De quelle façon ? On peut se poser quelques questions. Je vais énumérer quelques pistes de réflexion.
- le pouvoir des individus isolés
L’Internet donne à un individu seul beaucoup plus de pouvoir qu’il n’en a jamais eu, dans la diffusion de ses idées, de ses œuvres. Pour très peu de frais, un auteur peut être lu dans le monde entier, et reconnu sans aucune médiation.
- la primauté du réseau, de la tribu informelle
Des réseaux non-marchands se sont formés, qui lient des individus situés indifféremment à n’importe quel point de la planète. Ce qui les réunit, c’est une passion commune, un projet commun.
- la confrontation avec les arts cinétiques (cinéma, dessin animé, télévision)
En s’animant, la littérature rejoint les arts cinétiques, arts majeurs du XX° et certainement du XXI° siècle.
- l’occupation du média phare de notre époque, de l’interface entre le monde et nous, à savoir : l’écran.
Donner à voir, et à lire de la littérature sur écran
Mais, il ne faut pas se cacher que la viabilité financière de cette nouvelle littérature est nulle.
Elle ne vit pour l’instant que sur le bénévolat (et c’est une bonne chose).

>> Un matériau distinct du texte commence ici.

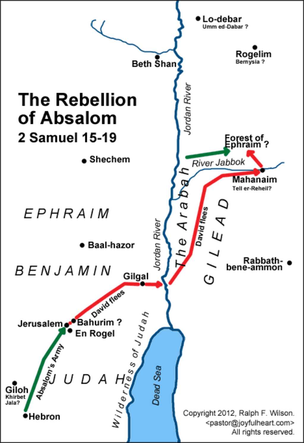 The seven keys to David’s eventual victory. To win the war, David had several things going for him. First, God’s covenant was with David (2 Sam. 7:8-15). As part of this covenant, God promised: “I will give you rest from all your enemies.” (2 Sam. 7:11(b)). Absalom did not stand a chance in trying to defeat God’s covenant with David. Second, David was a man of faith. “A Psalm of David. The LORD is my light and my salvation; whom shall I fear? The LORD is the defense of my life; whom shall I dread?” (Ps. 27:1; 1 Sam. 17:45). “who by faith conquered kingdoms, performed acts of righteousness, obtained promises, shut the mouths of lions,” (Heb. 11:33). Third, David wisely used the time given to him to organize an army. “As Absalom gathered all Israel to him, there would be some delay; and David, like a wise general, made use of it for training the brave but undisciplined men who had joined him, chiefly from Gilead. Besides these, he had with him numerous veterans, whose skill and experience would be invaluable in such service. The result was that when the rebels came to close quarters, they had a vast body of men, but David a disciplined force, which, under skillful generalship, scattered Absalom’s raw levies with ease.” (Pulpit commentary on 2 Sam. 18:1).3 Fourth, David followed the principles of delegation that Moses learned through his father-in-law Jethro by selecting capable leaders (Ex. 18:25; Dt. 1:15). Fifth, David followed Gideon’s example when he divided his army in three companies in order to defeat the far more numerous troops from Midian (Jdgs. 7:16). When Saul walked with God, he also divided his army into three companies in order to encircle and defeat the more numerous Ammonite army (1 Sam. 11:11). David’s plan allowed for Absalom’s troops to be surprised with a strategic attack from three directions. Sixth, David hid his forces in the forests of Ephraim, where Absalom’s larger forces would not be able to fight in a single formation (2 Sam. 18:6). Finally, David also heeded the advice of his commanders to let them lead the fight (2 Sam. 18:3-4). A king would normally lead a fight (2 Sam. 11:1). But his commanders knew that David was emotionally compromised in fighting his son. He would also be a target for the enemy forces seeking to quickly end the fight with a surprise assassination. They also claimed that he could send reservist troops if needed.
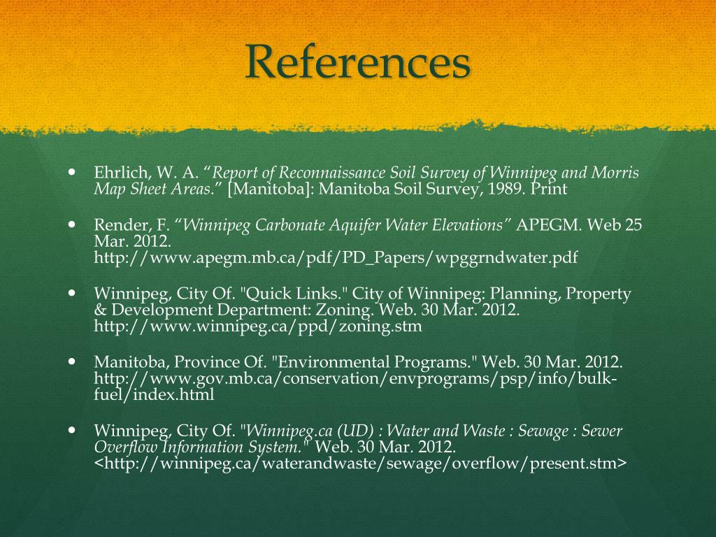 References • Ehrlich, W. A. “Report of Reconnaissance Soil Survey of Winnipeg and Morris Map Sheet Areas.” [Manitoba]: Manitoba Soil Survey, 1989. Print • Render, F. “Winnipeg Carbonate Aquifer Water Elevations” APEGM. Web 25 Mar. 2012. http://www.apegm.mb.ca/pdf/PD_Papers/wpggrndwater.pdf • Winnipeg, City Of. "Quick Links." City of Winnipeg: Planning, Property & Development Department: Zoning. Web. 30 Mar. 2012. http://www.winnipeg.ca/ppd/zoning.stm • Manitoba, Province Of. "Environmental Programs." Web. 30 Mar. 2012. http://www.gov.mb.ca/conservation/envprograms/psp/info/bulk-fuel/index.html • Winnipeg, City Of. "Winnipeg.ca (UD) : Water and Waste : Sewage : Sewer Overflow Information System." Web. 30 Mar. 2012. <http://winnipeg.ca/waterandwaste/sewage/overflow/present.stm>
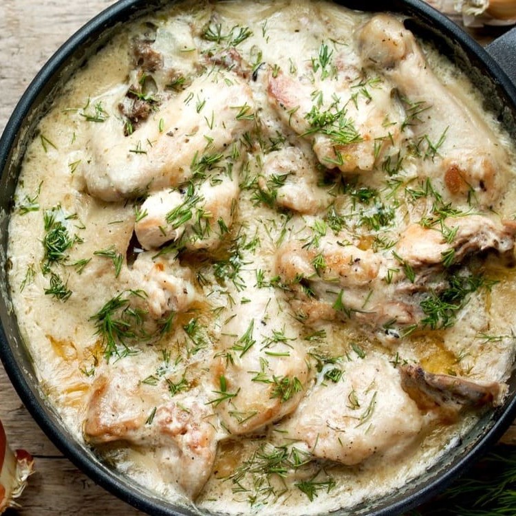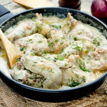 Suaves pedaços de frango sem osso marinados em creme fresco e especiarias aromáticas. Este prato oferece um equilíbrio delicado entre o sabor defumado e a textura cremosa.
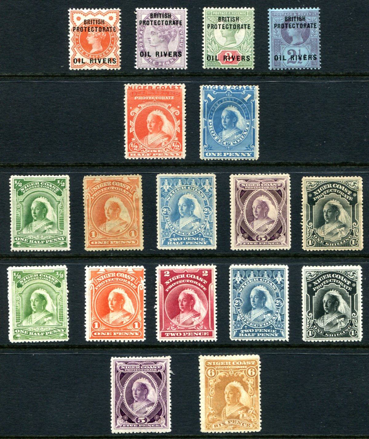 Attractive mint Hinged group of 18 different 1892-1898 Queen Victoria issues, including the first four values of the first series overprinted "British Protectorate, Oil Rivers" on stamps of Great Britain. All neatly arranged on a stockpage. 2025 Scott US$301.25 =
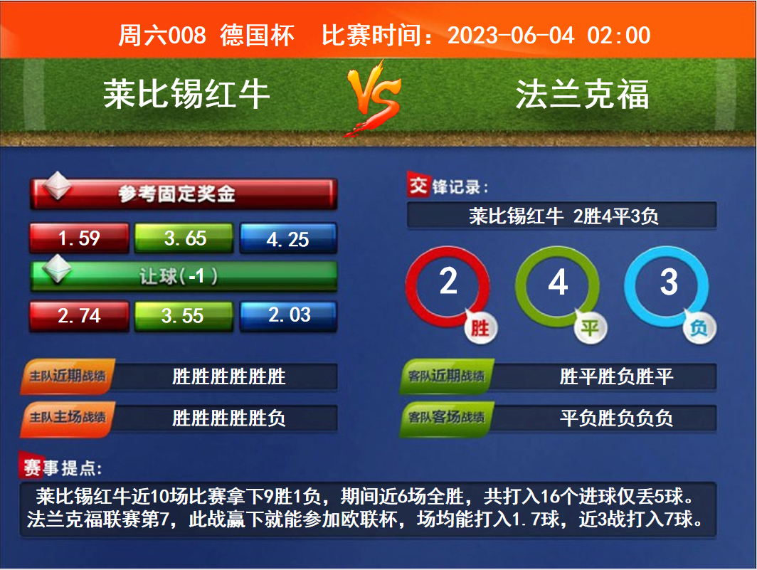 比賽時(shí)間:2023-06-04 02:00賽事提點(diǎn):萊比錫紅牛近10場(chǎng)比賽拿下9勝1負(fù),期間近6場(chǎng)全勝,共打入16個(gè)進(jìn)球僅丟5球。法蘭克福聯(lián)賽第7,此戰(zhàn)贏下就能參加歐聯(lián)杯,場(chǎng)均能打入1.7球,近3戰(zhàn)打入7球。
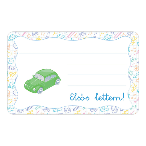 1 kép Zsona Zöld autó ovis jellel öntapadós füzet cimke
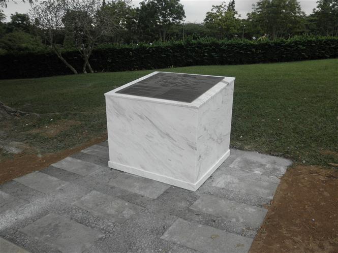 The memorial stands to the left of the steps leading up to the entrance of the Kranji War Cemetery, 22 kilometres from the city of Singapore, on the north side of Singapore Island overlooking the Straits of Johore.
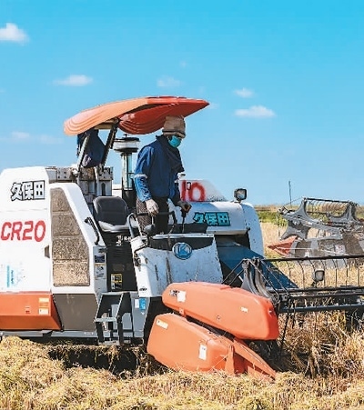 “幸福是共贏,是滿園芬芳”(見證十年,“一帶一路”風(fēng)華正茂⑧) 中非賽賽農(nóng)業(yè)項(xiàng)目上,當(dāng)?shù)貑T工駕駛機(jī)械收割水稻。中外......
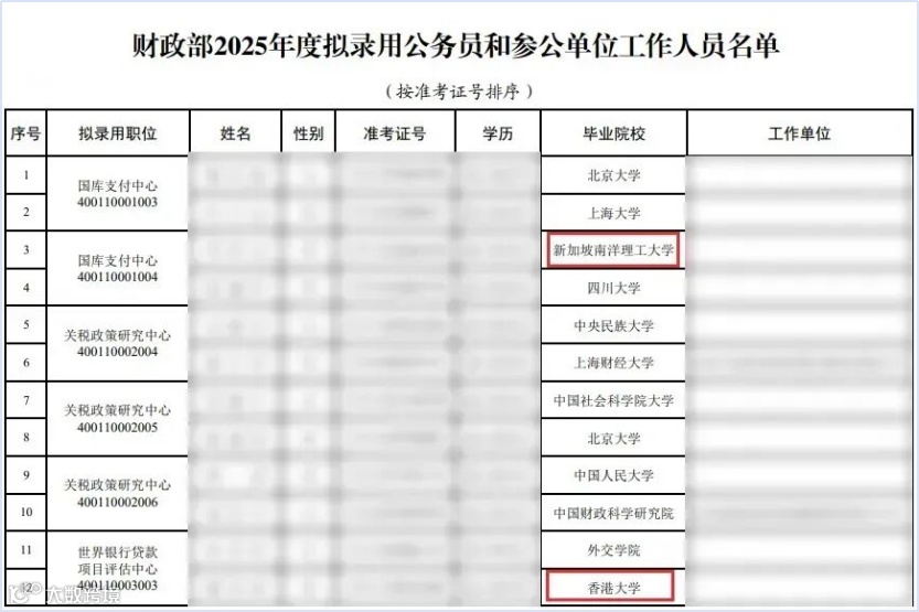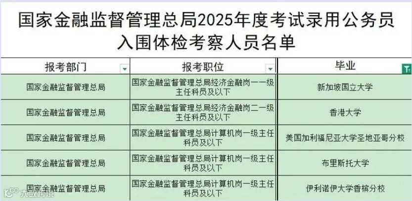 - 金融监管局录用名单包含来自香港大学、新加坡国立大学等国际知名院校的毕业生;
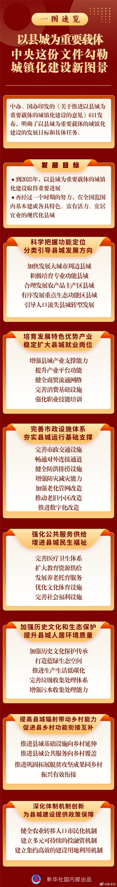 中办、国办印发的《关于推进以县城为重要载体的城镇化建设的意见》5月6日发布。以县城为重要载体的城镇化建设,发展目标是什么?又有哪些具体任务?速览这份文件的要点吧!
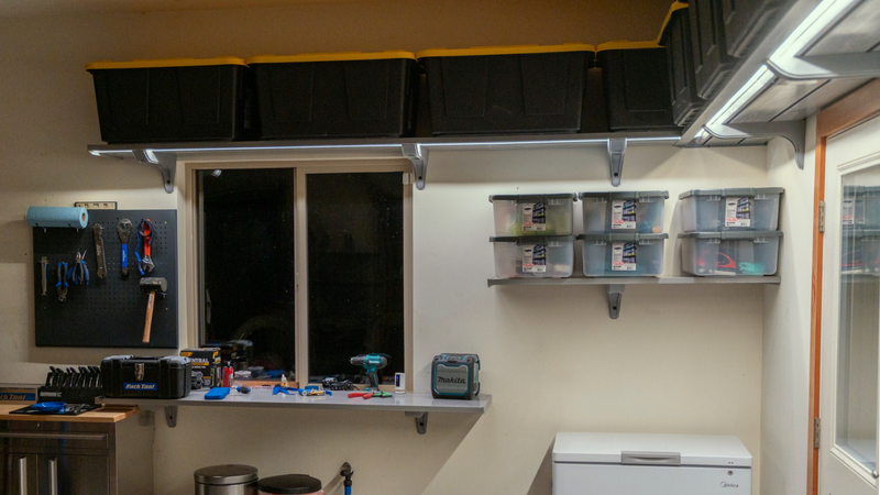 We did a little DIY project in our basement storage room and love the results! The brackets are easy to install, they hold a LOT of weight, and they go together very easily! Consider us impressed!

Ce sont les universités qui assument le mieux leur tâche d’éclaireur, d’avant-garde. En accueillant les créateurs, en donnant des caisses de résonance à leur création, en étudiant ces œuvres, elles font vivre cette littérature.
Ceci dit, début d’institutionalisation, avec par exemple la SGDL qui a créé un prix du meilleur site, et de la meilleure œuvre sur écran.
Les institutions gouvernementales, comme les Instituts français, qui commencent à regarder cela de près.
Quelques éditeurs qui se lancent dans la commercialisation de CD-Roms.
Quelle place pour les libraires.
Si cette littérature doit être diffusée un jour, ce ne peut être que par le réseau des librairies (taratata !), mais en mettant un écran et une souris à disposition des clients.
Une voie à trouver pour la commercialisation.